Aboriginal people Australia

MessageToEagle.com – Who were the first inhabitants in Australia? When Homo sapiens arrived in Australia, they were, for the first time, truly alone, surrounded by wildly different flora and fauna, but who were these people?  There is a close cultural and genetic link between the First Australians and modern-day Aborigines.

Researchers have now found compelling evidence suggesting that Aboriginal people were the first to inhabit Australia. The work refutes an earlier landmark study that claimed to recover DNA sequences from the oldest known Australian, Mungo Man.

Who Was The Mungo Man?

In 1969, on the shores of the ancient and now dry Lake Mungo, Australian archaeologists discovered the remains of the oldest known human to have been ritually cremated. They found bone fragments belonging to the skeleton of a young woman, who became known as Mungo Lady or LM1. She is now believed to have lived and died some 40,000 years ago.

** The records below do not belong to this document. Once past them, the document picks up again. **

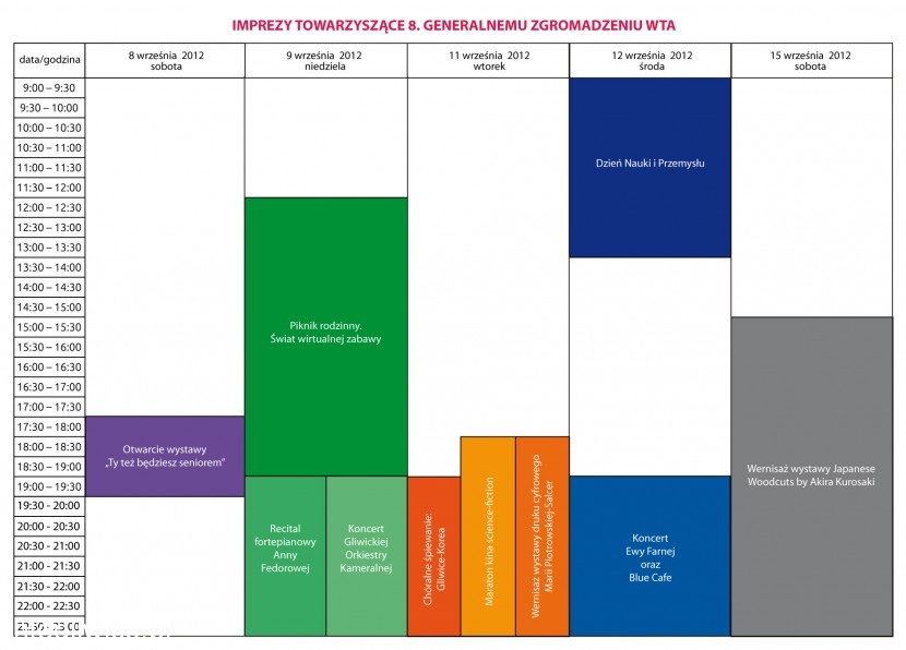 W Gliwicach gościmy kilkudziesięciu reprezentantów WTA z całego świata. Głównie z państw, które dzisiaj są liderami innowacji – Korei Południowej, Japonii, Tajwanu i Chin. Generalne Zgromadzenie World Technopolis Association to trzy dni konferencji, sympozjów i warsztatów oraz szereg imprez towarzyszących, podczas których będzie można spotkać ludzi, którzy już dziś tworzą historię przyszłości. To impreza bardzo ważna dla naszego miasta. Dzięki niej Gliwice mają szansę zaistnieć w Polsce i na świecie jako miasto innowacyjne. Przez 3 dni będzie się wiele działo.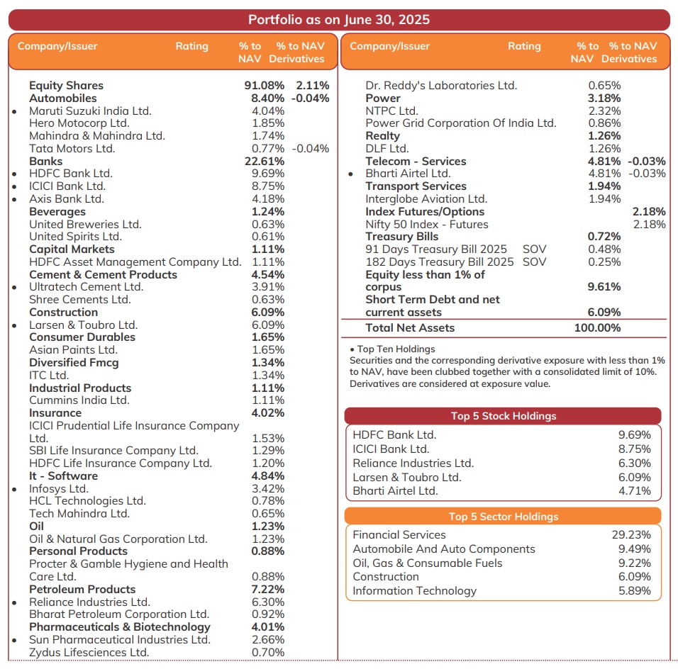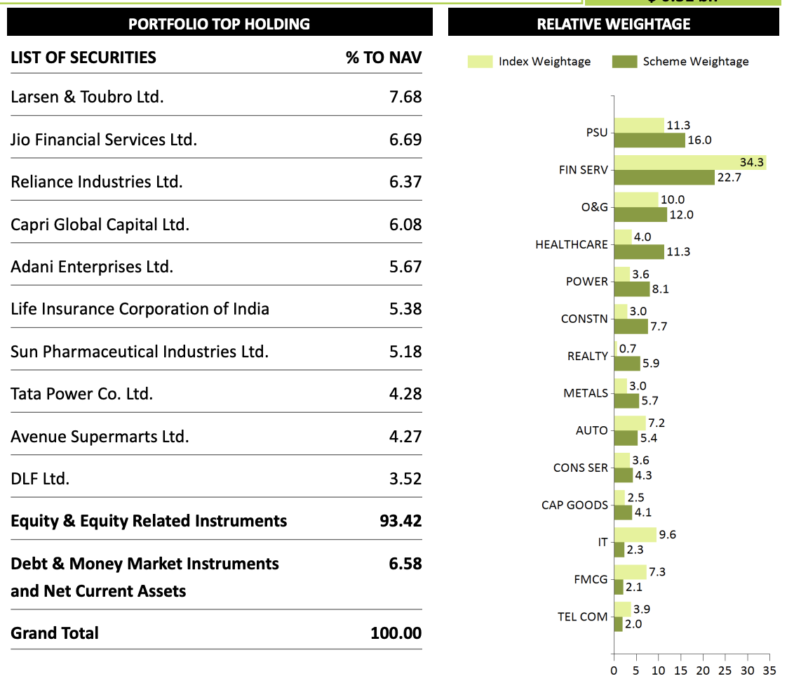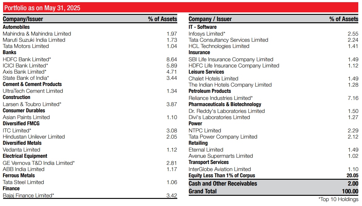 Its portfolio feels more traditional, a heavier tilt to financials, energy, and consumer staples. The top holdings include the usual private banks and Reliance, but the overall sector weights suggest a more benchmark-aware approach.
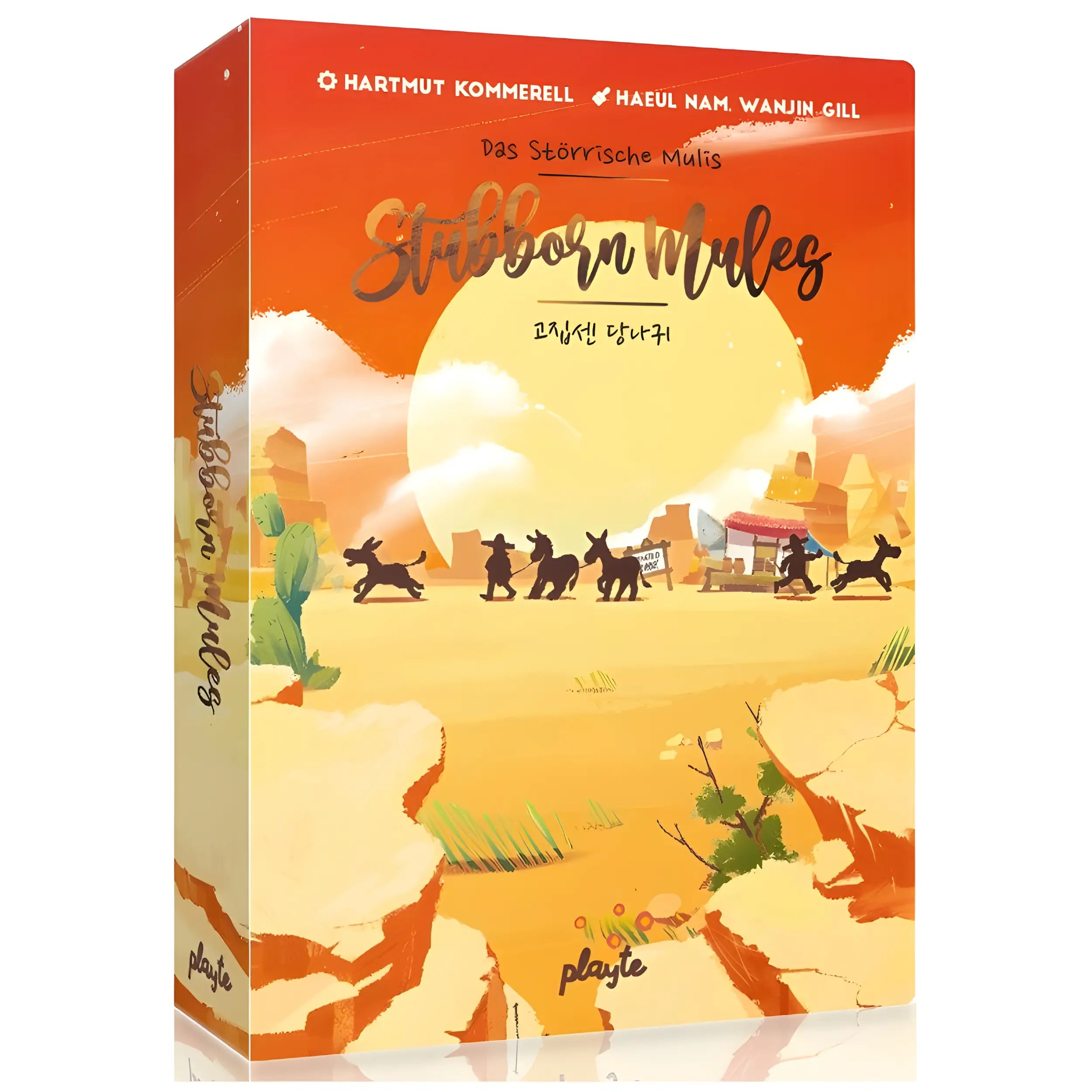 The color dice determine who advances, who sprints, and who inexplicably retreats as if they'd spotted a rattlesnake in the dunes. Then comes the magic of the next turn: whoever plays next can block one or two dice and reroll only the rest, creating micro-tactics, targeted slowdowns, and those laughs that erupt when the wrong mule runs away.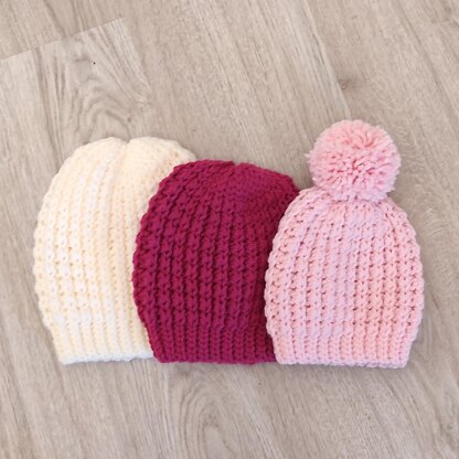 Easy beginner friendly crochet hat patter worked in flat, not in rounds. 6 sizes available from baby to adult. Pattern with 8 pages of explanations and step by step photos.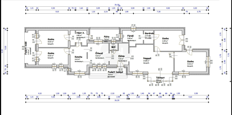 Az ingatlan elosztásának egyik lehetősége a feltüntetett alaprajzon részletesen megtalálható, a belső válaszfalak az új tulajdonos igényei szerint módosítható.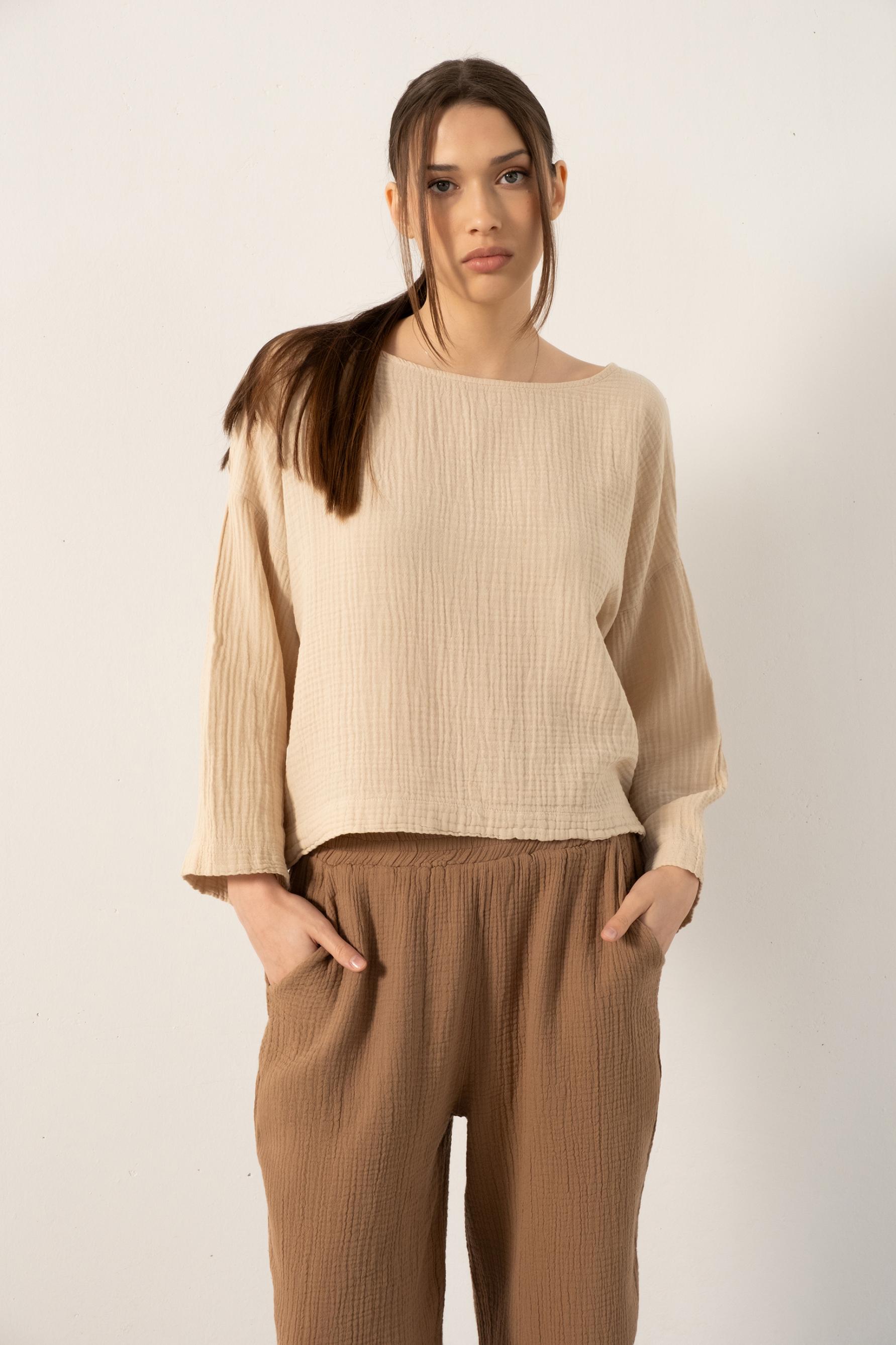 Experience the superior comfort felt through the natural and breathable texture of pure muslin cotton against your skin. Designed with Ipekci Otantik's free and timeless sense of style, this long-sleeved blouse feels like an extension of your skin, thanks to the lightness of 100% muslin cotton fabric. The wide boat neck and batwing sleeves add a fluid and comfortable form, while the oversized design captures effortless elegance. The unique colors and ultra-soft texture achieved through special piece dyeing and washing processes make each blouse unique, adding lasting value to your wardrobe. Immerse yourself in the freshness of this nature-inspired, comfortable, and elegant design.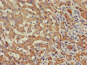 Immunohistochemistry of paraffin-embedded human liver cancer using CSB-PA327046HA01HU at dilution of 1:100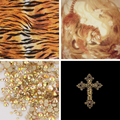 Colour: A Dark nude French tip base and a blend of Animal Print, and golden charms.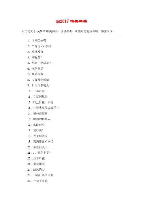 qq2017唯美网名本文是关于qq2017唯美网名,仅供参考,希望对您有所帮助,感谢阅读。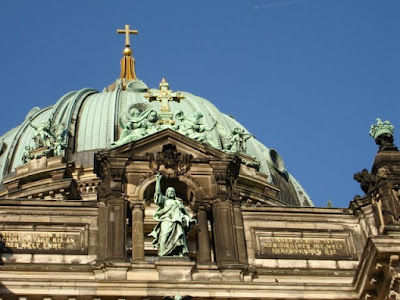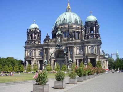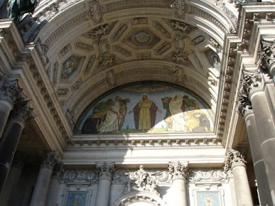 Atravessámos a ponte para a ilha, para investigar um outro edifício de elevada majestosidade arquitectónica que já nos tinha suscitado interesse ao longe, pela sua enorme cúpula. Graças aos mapas pouco esclarecedores do nosso guia, andámos um pouco perdidos quanto ao o-que-era-o-quê, nesta zona da cidade. Assim, já na Museumsinsel (Ilha dos Museus), no cantinho que a Karl-Liebknecht-Straße faz com o rio, constatámos finalmente, que era (e só podia ser, mesmo) a Berliner Dom, a Catedral de Berlim. Faltam-me adjectivos que já não tenha usado para descrever a incrível beleza e sumptuosidade desta igreja... Só visto! Nem mesmo a pedra suja do passar do tempo (e poluição) - que andavam naquela altura a limpar, por acaso - tiram-lhe o "brilho". Entusiasmados com a ideia de visitar o seu interior e ir até à cúpula, demos de caras com uma enorme fila para comprar bilhetes... a 8 Euros. O problema foi que, como tivemos a pontaria de apanhar uma missa a decorrer, mesmo que tivessemos comprado as entradas teríamos de esperar que terminasse. 'Tá bem... xau aí. Não se pode ter tudo.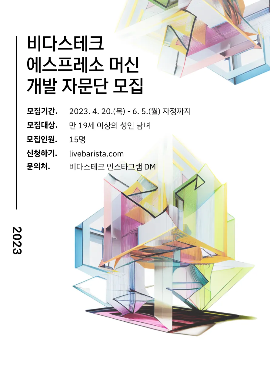 한국 에스프레소 머신 개발사 비다스테크에서 국내 커피 산업 독립을 위한 에스프레소 머신 개발 자문단 '비비탄' 을 모집합니다.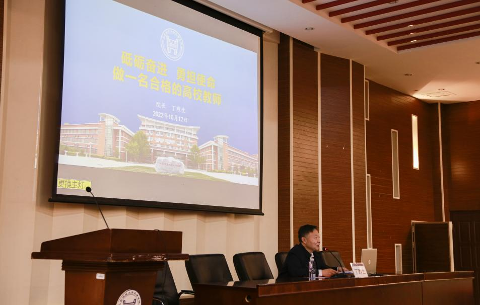 院长丁煦生为新入职教职工作了“砥砺奋进、勇担使命,做一名合格的高校教师”专题讲座。丁院长从学院基本情况、教育教学工作、师资队伍建设、教师发展四个方面做了全面介绍和深刻阐述。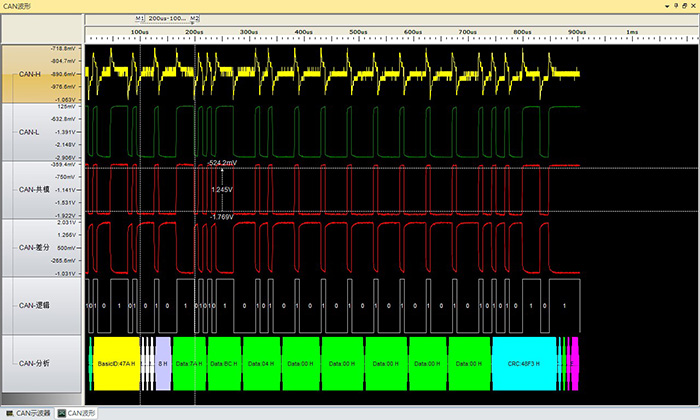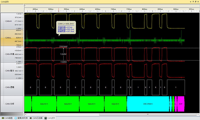 注意:圖中CAN-H的波動雖然較大,但是幅值很小哦~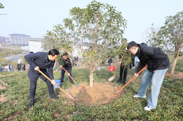 活动现场,校领导与师生代表们热情高涨、分工协作,挥锹铲土、扶苗填坑、提水浇灌,每一个环节都做得一丝不苟,现场呈现出一派热火朝天的劳动景象。经过大家的共同努力,寄托着美好寓意的新树苗昂然挺立,为春日的校园增添了勃勃生机。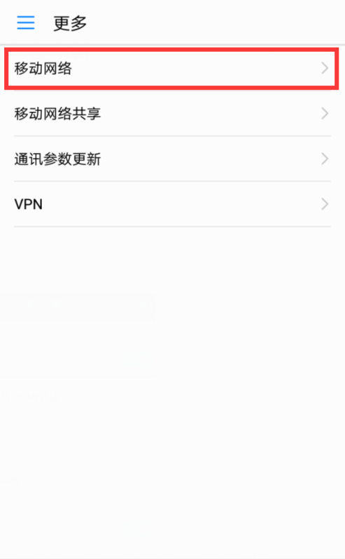 3、在“更多”里,出现四个功能选项,即“移动网络”“移动网络共享”“通讯参数更新”和“VPN”,选择“移动网络”。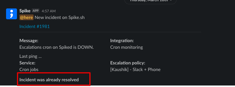 The Slack app will notify you that the incident has already been resolved, preventing duplicate actions.
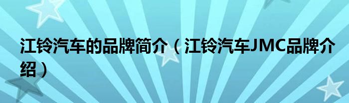 大家好,小源来为大家解答以上问题。江铃汽车的品牌简介,江铃汽车JMC品牌介绍很多人还不知道,现在让我们一起来看看吧!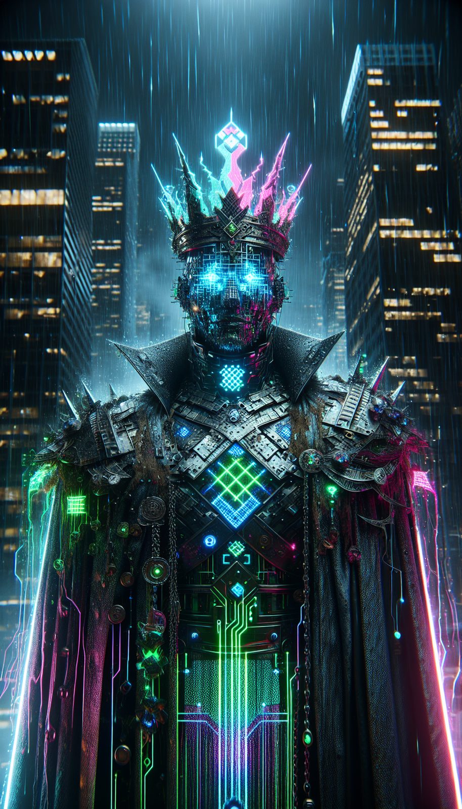 Glowing chainmail forged from melted faction emblems, self-repairing composite armor showing all league colors, voice modulator projecting commanders' stolen vocal patterns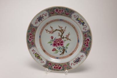 Famille rose bord met op plat een bloeiende prunus tak met een pioenrozen. Hier omheen een smalle ijzerrode band. Op de famille roze rand zijn vier uitsparingen aangebracht met daarin antiqiteiten. (Nederlands)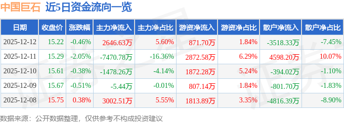 证券之星消息,截至2025年12月12日收盘,中国巨石(600176)报收于15.22元,下跌0.46%,换手率0.78%,成交量31.1万手,成交额4.73亿元。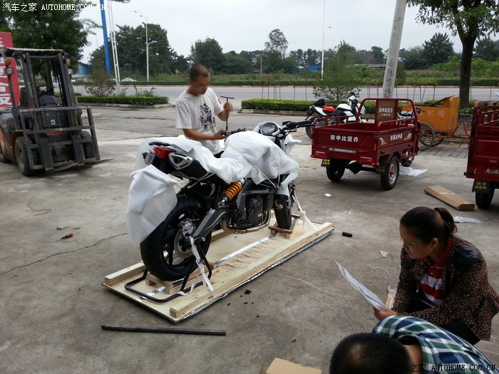 最近一段时间都是连阴雨,12号早上起来,天空淅淅沥沥地下着小雨,只好焦急地等待雨停。到十一点多,看雨小了,赶紧叫上朋友驱车直奔店里,老天爷长眼,从我到店里拆箱装车到一路跑回家竟然都没下雨,第二天又开始下一直下到前天。我到店里后,淡水湖泊骑着他的BN也赶来了。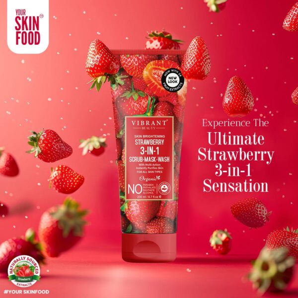 Vibrant Beauty Strawberry 3in1 Scrub-Mask-Wash is a versatile skincare product that combines the benefits of a scrub, mask, and face wash in one convenient formula.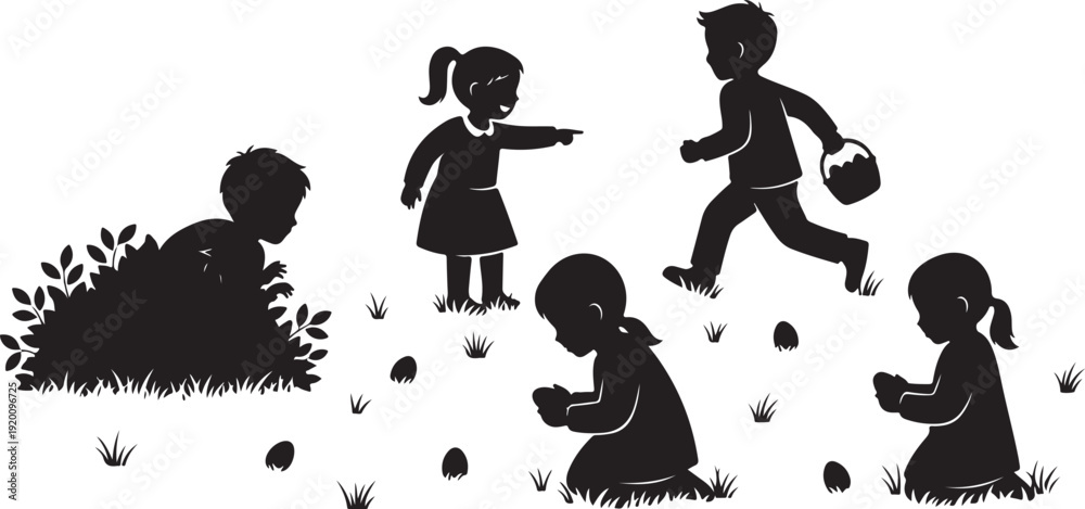 Children Playing Easter Egg Hunt Silhouette SetKids Searching for Easter Eggs Outdoor ActivitySpring Easter Celebration Children Silhouette Vector #1920096725

Geologist Jim Bowler found the remains of “Mungo Man” in February 1974. He is thought to be the oldest human ever uncovered on the Australian continent.

Five years later, in close proximity to Mungo Lady, shifting sand dunes exposed the remains of a Mungo Man or LM3. It is estimated that this male was buried about 42,000 years ago. Mungo Man is the oldest skeleton buried using red ochre, a material which could only have reached the shores of Lake Mungo by trade. This is the earliest known example of such a sophistocated and artistic burial practice.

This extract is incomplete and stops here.